6. En quatrième lieu, il résulte de l’instruction que Mme E… a sollicité du maire sortant, par courrier du 17 février 2020, la mise à disposition d’une salle municipale pour organiser une réunion électorale, à laquelle il n’est pas sérieusement contesté que le maire a répondu dès le lendemain en proposant la date du 26 février, en l’absence de disponibilité de la salle aux deux dates souhaitées par l’intéressée. La requérante n’est donc pas fondée à soutenir que le maire aurait procédé à des manoeuvres frauduleuses en la privant du délai nécessaire pour organiser sa réunion électorale.

7. En cinquième lieu, Mme E… soutient que le maire sortant aurait usé de plusieurs manoeuvres frauduleuses destinées à entretenir la confusion dans l’esprit des électeurs entre sa propagande électorale et la communication institutionnelle de la commune de Lallaing. Toutefois, ni la diffusion conjointe d’un tract de propagande électorale du maire sortant et d’un document de la municipalité explicitant les mesures sanitaires prévues lors du scrutin pour prévenir la propagation du coronavirus et dépourvu de toute référence au maire sortant, ni les critiques émises par ce dernier à l’encontre du programme de Mme E… au cours de la séance du conseil municipal du 2 mars 2020, ni l’utilisation de photographies le représentant dans l’exercice de ses fonctions de maire sur certains documents de propagande eux-mêmes insusceptibles d’être confondus avec une communication institutionnelle de la commune, ni les similitudes existant entre certains tracts électoraux et des supports utilisés à l’occasion d’un bilan de mi-mandat soit bien antérieurement au début de la campagne, ni le contenu de la page Facebook du candidat dont l’intitulé et la présentation ne laissaient place à aucune ambigüité quant à leur contenu, ne peuvent être regardés comme des manoeuvres ayant altéré la sincérité du scrutin.

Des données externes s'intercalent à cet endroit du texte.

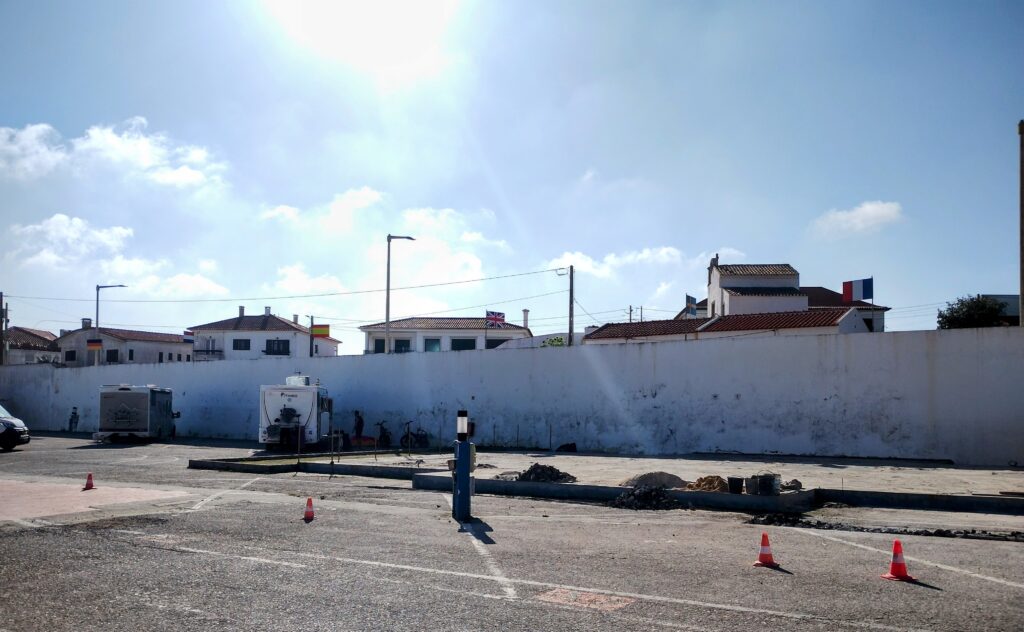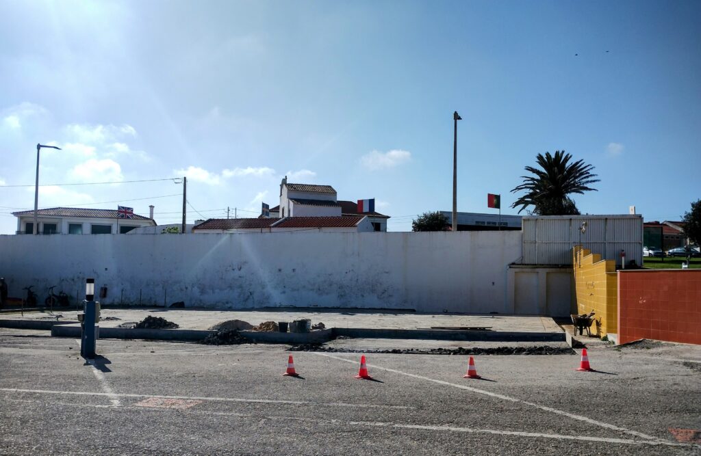 Nu har jobbet börjat på platsen som det var en Padel bana innan. Den blå mattan som var där är bortplocka och avlägsnade till någon annanstans. Det har mätts en hel del. Sedan så började dom skära i betongen i en linje. När det var klart så börjad dom borra upp en massa som låg där. Det blev sedan lastat på en skottkärra av en annan kille som forslades bort det. Det väsnades rätt så mycket och ingen av jobbarna hade på sig hörselskydd.

8. En sixième lieu, aux termes de l’article L. 48-2 du code électoral : « Il est interdit à tout candidat de porter à la connaissance du public un élément nouveau de polémique électorale à un moment tel que ses adversaires n’aient pas la possibilité d’y répondre utilement avant la fin de la campagne électorale. » Mme E… fait grief au maire sortant d’avoir, en méconnaissance de ces dispositions, diffusé l’avant-veille du scrutin, à 15 heures, un tract de campagne auquel elle n’aurait pas été mise à même de répondre utilement avant la fin de la campagne électorale. Toutefois, il résulte de l’instruction que ce tract, dont les termes n’excèdent pas les limites de la polémique électorale et dont le caractère mensonger n’est pas établi, répondait aux attaques émises par les adversaires du maire sortant et critiquait certaines propositions du programme de Mme E…, notamment au regard de leur coût, sans introduire dans le débat électoral aucun élément nouveau de polémique électorale. Par suite, le grief tiré de la méconnaissance des dispositions de l’article L. 48-2 du code électoral doit être écarté.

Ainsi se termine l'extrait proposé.